Apple kann es sich beim iPhone alles erlauben. Sogar ein hochtrabendes „Roségold“, das je nach Tagesform als schwaches Rot oder als „Grumpy Pink“ durchgeht. Viele halten diese Farbe für einen Fehler. Ich halte sie für ein Feature. Und das neue iPhone 6s steckt voller neuer Funktionen, auf die Apple den Anwender zum Teil ganz schön lang hat warten lassen. Überfällig waren das Arbeitsspeicher-Upgrade, das Kamera-Upgrade und das Selfie-Cam-Upgrade.
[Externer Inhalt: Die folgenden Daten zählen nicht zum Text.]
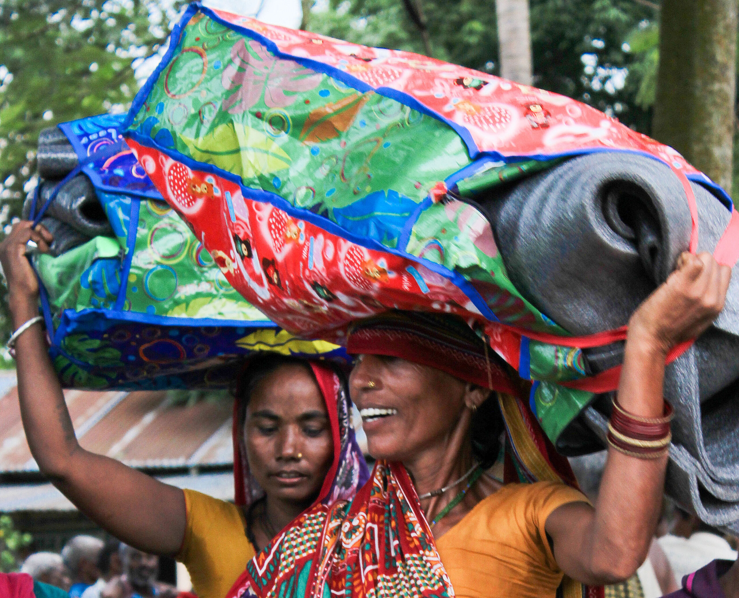 Billede i top: Kvinder modtager tæpper og opbevaringstasker efter oversvømmelse i Nepal.
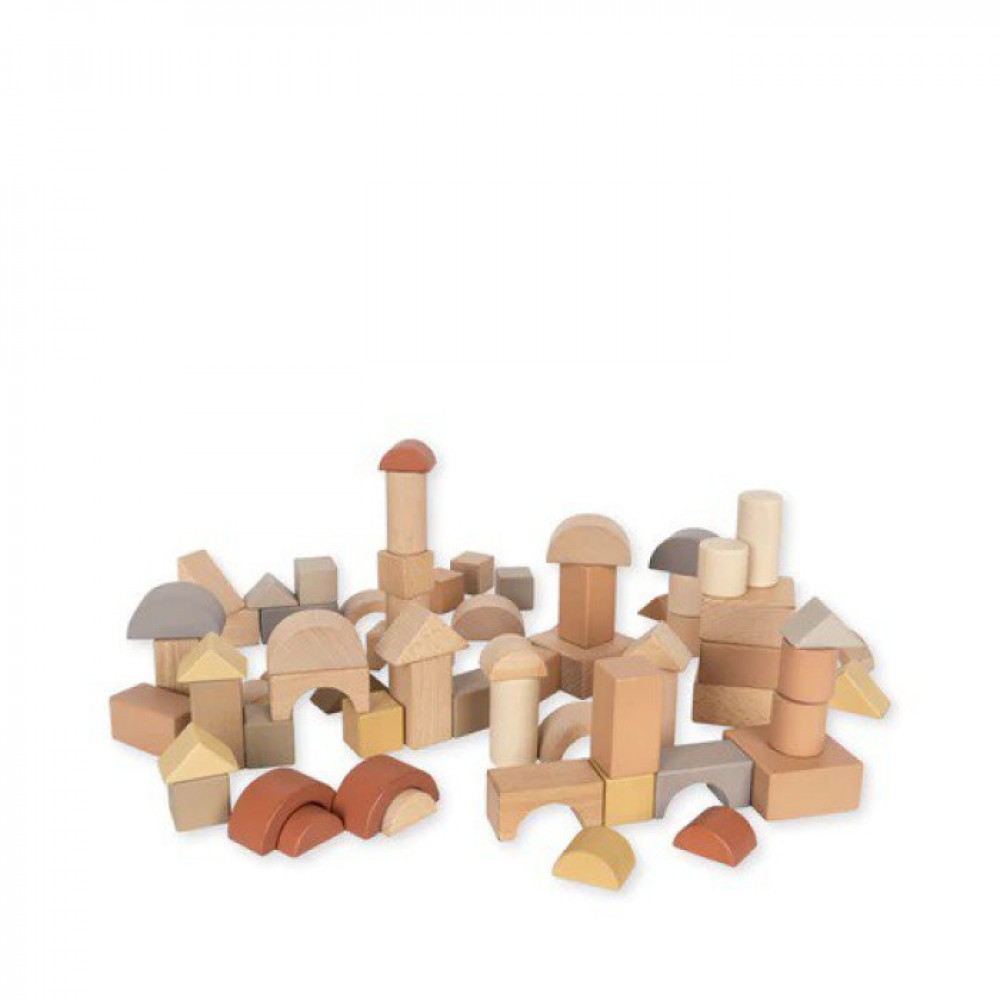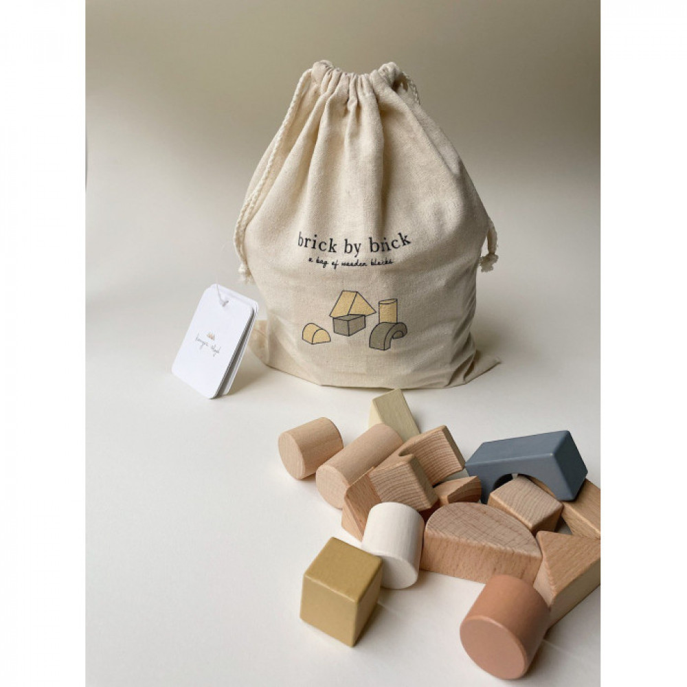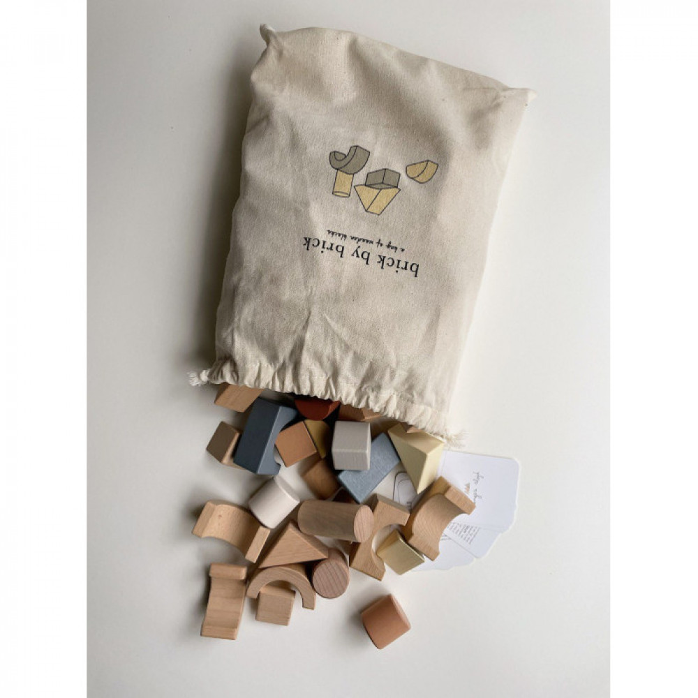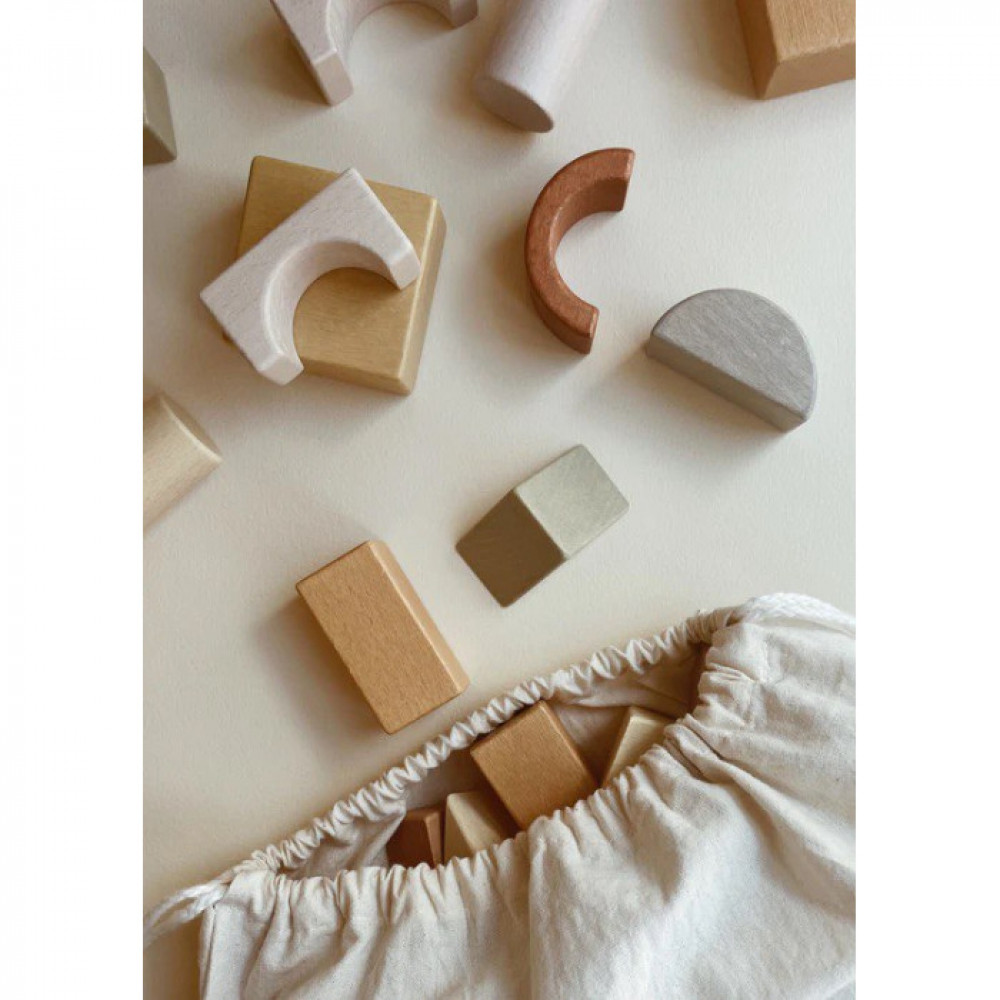 72 блоки з бука різної форми, пофарбовані фарбою на водній основі. Поставляється в бавовняній полотняній сумці на шнурках, яку зручно носити.

Die Foto-Fähigkeiten machen einen großen Satz nach vorne. Live-Fotos sind einfach genial, weil man über den Fotostream nicht nur ein Bild, sondern eine Emotion teilen kann. Wahrscheinlich sieht man Live-Fotos nur mit iOS 9, dennoch handelt es sich um eine tolle Funktion. Ein anderes Feature ist das Force-Touch-Display mit Taptic-Engine und haptischen Feedback. Komplizierte Technik, aber einfacher Nutzen: Multi-Touch erreicht damit die nächste Stufe. Die neuen Handgriffe und Fingerübungen werden schnell in Fleisch und Blut übergehen. Ich bin mir sicher: Mit dem iPhone 6s sieht Apple rosigen Zeiten entgegen, weil Rosa inzwischen eine Uni-Sex-Farbe ist. Als modisches Statement kann man nur in rosé zeigen, dass man das neue neue iPhone sein Eigen nennt. Apple kann es sich erlauben.